Density classification network
Population density estimation based on MSCNN:
- Overview and generation of population density map
- Data set making and data generator
- Density classification network
- Training and prediction of MSCNN
Classification target
The purpose of density classification network is to roughly classify the images according to the data set, filter out different levels of personnel density, reduce the difficulty of network training and improve the accuracy. The density level is divided into three categories: none (no people in the picture), low density (1-99 people in the picture), high density (more than 100 people), using 0,1,2 as the category label, using one hot coding, using cross entropy as the loss function of the network.
Network architecture
Because the classification target is simple, the vgg16 network without full connection layer is used as the feature extraction network, followed by three custom full connection layers and finally the classification output. The vgg16 network does not participate in the training, but only trains the self-defined three-layer all connected network. When loading vgg16, you need to download the trained model in advance. Here, you need to pay attention to the fact that if you do not load the output layer of VGg, that is, "include top = false" in the code, then the downloaded model is "vgg16 ﹐ weights ﹐ TF ﹐ ordering ﹐ TF ﹐ kernels ﹐ not op.h5". Otherwise, it is "vgg16 ﹐ TF ﹐ ordering ﹐ TF ﹐ kernels. H5". I have uploaded the model used this time to my Baidu network disk Please, Project Home Check it up.

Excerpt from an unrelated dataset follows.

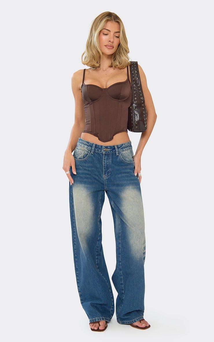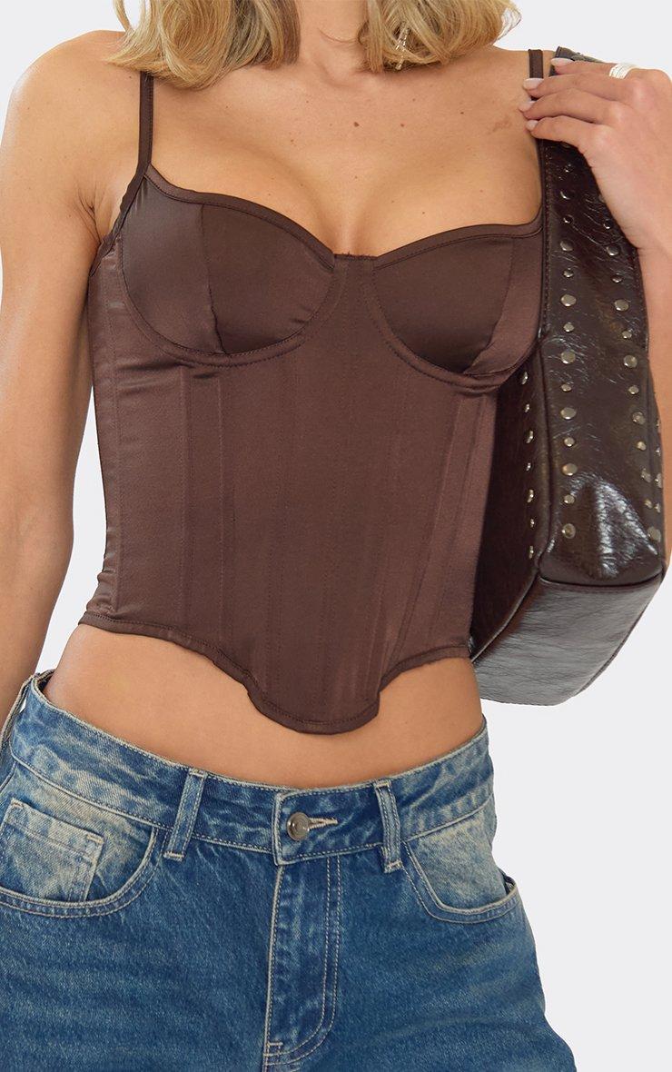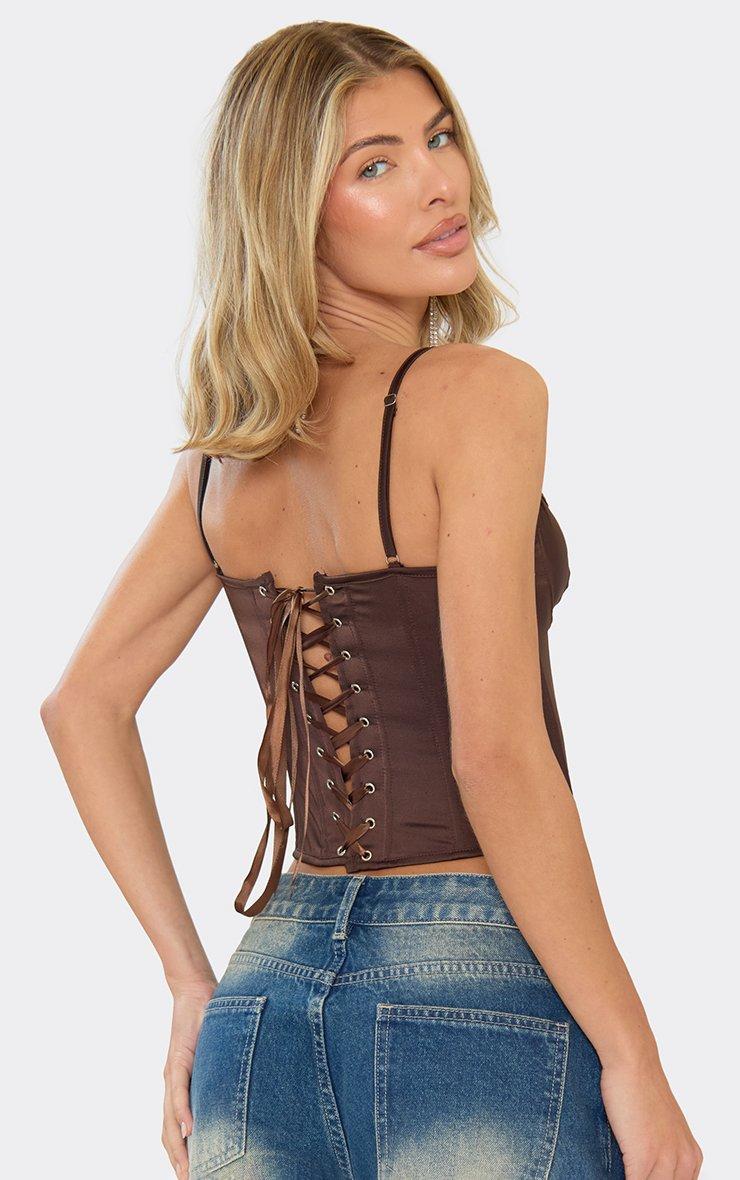 Strappy Tie Lace Back Corset Top In Brown Satin

def model(self): # finetune from the base model VGG16 base_model = VGG16(include_top=False, weights=self.vgg_weights_path, input_shape=(224, 224, 3)) # base_model.summary() out = base_model.layers[-1].output out = layers.Flatten()(out) out = layers.Dense(1024, activation='relu')(out) # Because there are too many deny features output earlier, we add dropout layer here to prevent over fitting out = BatchNormalization()(out) out = layers.Dropout(0.5)(out) out = layers.Dense(512, activation='relu')(out) out = layers.Dropout(0.3)(out) out = layers.Dense(128, activation='relu')(out) out = layers.Dropout(0.3)(out) out = layers.Dense(3, activation='softmax')(out) tuneModel = Model(inputs=base_model.input, outputs=out) # vgg layer does not participate in training for layer in tuneModel.layers[:19]: layer.trainable = False return tuneModel
Training code:
def train(self, args_): tuneModel = self.model() tuneModel.compile(loss='categorical_crossentropy', optimizer=optimizers.Adam(lr=3e-4)) if os.path.exists(self.weights_path): tuneModel.load_weights(self.weights_path, by_name=True) print('success load weights ') batch_size = int(args_['batch']) callbacks = self.get_callbacks() history = tuneModel.fit_generator(DenseDataset().gen_train(batch_size, 224), steps_per_epoch=DenseDataset().get_train_num() // batch_size, validation_data=DenseDataset().gen_valid(batch_size, 224), validation_steps=DenseDataset().get_valid_num() // batch_size, epochs=int(args_['epochs']), callbacks=callbacks) if args_['show'] != 'no': self.train_show(history)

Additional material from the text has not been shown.